We show that recent Dollar weakness is associated with a meaningful pullback in market pricing for the Fed, with cumulative hikes through end-2017 falling to 32 bps as of Friday, down from 41 bps a week earlier. That said, the drop in the Dollar has gone beyond what rate differentials indicate, suggesting that a risk premium has formed even beyond expectations for Fed hikes.
While near-term focus in the market is on potential further declines in the Dollar in the event of a Trump victory, the likelihood of a meaningful Dollar rise in a Clinton win scenario is rising. In particular, based on the make-up of the Dollar sell-off over the past 10 days, we think the greenback could recover the most ground against the Euro and the Yen.
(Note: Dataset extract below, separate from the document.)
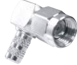
RPSMA Plug, Right Angle Abbreviation: "SB"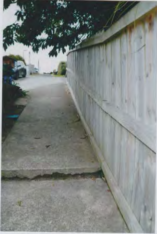
Snyppals house, my house, my garage, the shared driveway + public walkway 06/02/2021

Although we are bearish on the Canadian Dollar, targeting 1.37 by year-end, we think it is better to steer clear of long $/CAD on a Clinton win, because there could be a material bounce in risk appetite that would drive oil prices higher, temporarily buoying CAD. Finally, RMB depreciation pressure is likely to mount again on a Clinton win, as the Dollar gains into the December FOMC, where our economists expect a hike with a large probability”.